As long as the labeled boundaries are not forming tricky cases, there is a quite efficient algorithm to track and fill holes with the right labels. I am not sure it always work but here is the idea:

• Use a label algorithm to find all connected regions
• Build a set of label containing all the labels
• Remove the labels associated with border regions from the set
• Remove the labels associated with cells already labelled (ie. non-zero cells)
• So far, the remaining labels are either holes, fake-holes (or tricky cases assumed not present).

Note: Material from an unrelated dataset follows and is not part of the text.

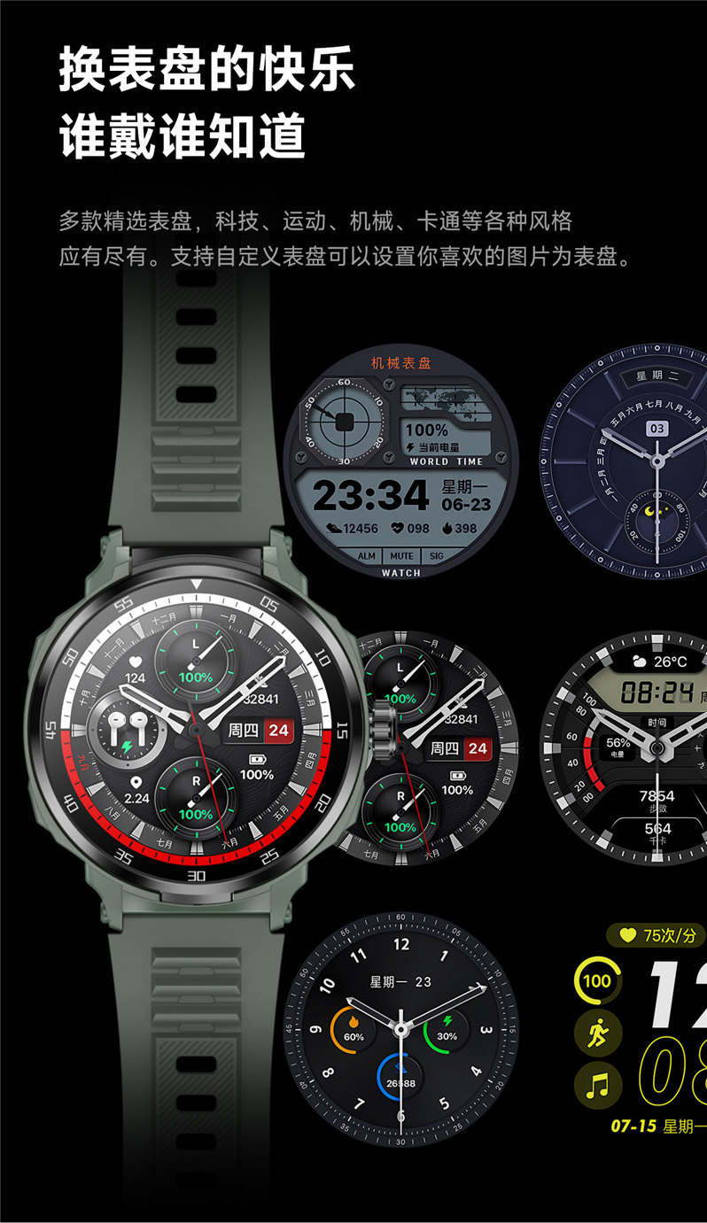 NFC、APP个性自定义表盘、手表6种UI界面切换、通讯录、蓝牙拨号通话 |

Fake-holes are unlabelled cells surrounded by labelled cells with multiple different labels (like the 0 cells in the middle of your example).
• Check the label of the cell on the boundaries of each labelled regions. If a labelled region is only surrounded by cells with the same label L3, then it is a hole that must be filled with L3-label cells. Otherwise, this is either a fake-hole (or a tricky case).

The resulting algorithm should be much faster than the reference implementation and the previous one.